Ok, I hate to admit it, but I called a man at our church a goofball Sunday in the church parking lot. I don’t feel bad about it, not at all. Here we come from the back forty because we got there at 10:20 and I see this man that comes to church EVERY week pull in and park in the visitor parking and stroll into church. Really? Of course when I looked at his vehicle he had his “Jesus” sticker on his window. He is also the first to throw his hands in the air during worship and he got me thinking.

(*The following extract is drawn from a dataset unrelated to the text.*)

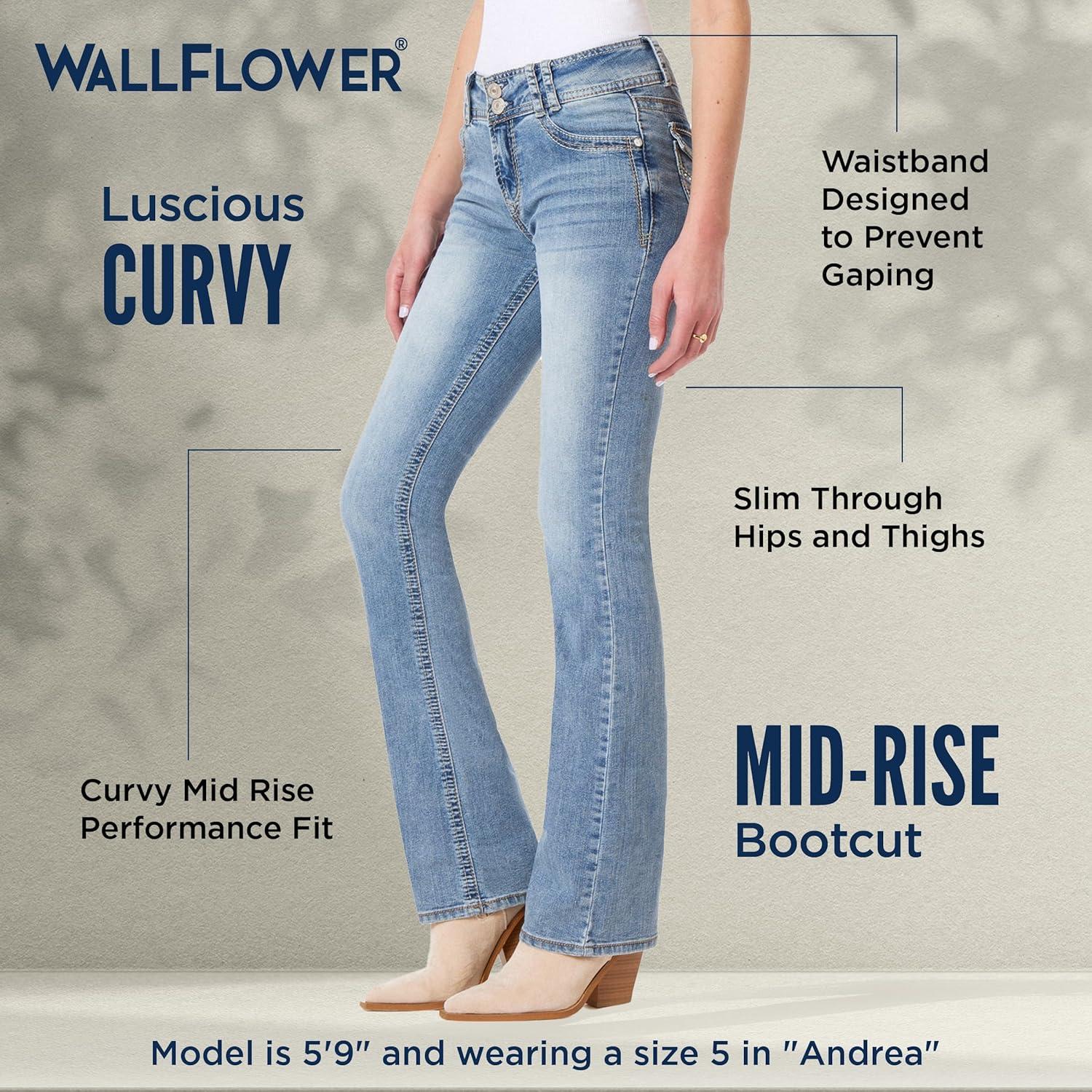 WallFlower Luscious Curvy Bootcut Jeans for Women Mid-Rise Insta Stretch Denim, Size Inclusive Juniors Jeans, Sizes 0 to 24(Andrea)
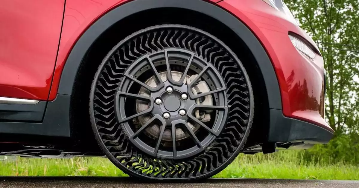 ടയറിനുള്ളിൽ എയർ നിറക്കുന്നതിന് പകരമായി ഫ്ളക്സിബിൾ റബ്ബർ സ്പോക്കുകൾ, ശക്തിയുള്ള കോമ്പോസിറ്റ് മെറ്റീരിയലുകൾ, സോളിഡ് സൈഡ് വാളുകൾ എന്നിവയുപയോഗിച്ചാണ് ഈ ടയറിന് ഒരു സവിശേഷ ഘടന നൽകിയിരിക്കുന്നത്. ഈ ഡിസൈനിന്റെ ഫലമായി എയർലെസ് ടയർ ഘടിപ്പിച്ച വാഹനം ഓടിക്കുന്നവർക്ക് പഞ്ചർ പേടിക്കേണ്ട ആവശ്യമില്ല. മാത്രമല്ല ഓട്ടത്തിനിടെ ടയർ പൊട്ടുന്ന സാഹചര്യവും ഇത് ഒഴിവാക്കും. 100% പഞ്ചർ ഫ്രീ ആണ് എന്നതാണ് എയർലെസ് ടയറുകളുടെ ഏറ്റവും വലിയ ഗുണം. കുഴി നിറഞ്ഞ ഗ്രാമീണ നിരത്തുകളിലും, ദൂരയാത്രകളിലും, ഓഫ്റോഡ് ട്രാക്കുകളിലും ഇത് മികച്ച പെർഫോമൻസ് കാഴ്ചവെക്കും. ഇതിന്റെ ഓപ്പൺ സ്പോക്ക് ഘടന ഫ്യൂചറിസ്റ്റിക് ലുക്കും നൽകുന്നതോടൊപ്പം റോഡുമായി ഏകീകൃത സമ്പർക്കം പുലർത്തുകയും ചെയ്യുന്നു.

I use to worry about what other people thought about me as a Christian, after spending time in church and seeing good “church people” and their behavior, I’m pretty solid with my faith. Now don’t get me wrong I still have a problem with my potty mouth, I hate it. I still have a lot of questions about should I do this or that? I recently was judged by some good “church people” over my desire to have a glass of wine. Seriously?
I stand by the thought that going to church doesn’t a bit more make you a Christian then going to McDonald’s makes you a Big Mac.
I have a lot of things I need to work on I struggle with forgiveness, I know it and I own it. I NEED to get The First Born The The Baby Girl (The First Born left me a comment that didn’t make sense to me until I came back and reread this post…sorry girl!) to church on Wednesdays night and I fail at this miserably. I was driving in my car the other day and felt really convicted about how little time I’ve been spending in my bible. I was reminded at that time that it’s easy to cling to your faith when you are in a rough spot and I committed right then to get back to reading my bible, doing a daily devotion and spending more time especially in my car praying and listening to Joyce Meyer tapes. I don’t need a crisis to work on my faith, I’ll do it when life is smooth sailing.
Trust in the Lord with all your heart; do not depend on your own understanding. Seek his will in all you do, and he will show you which path to take.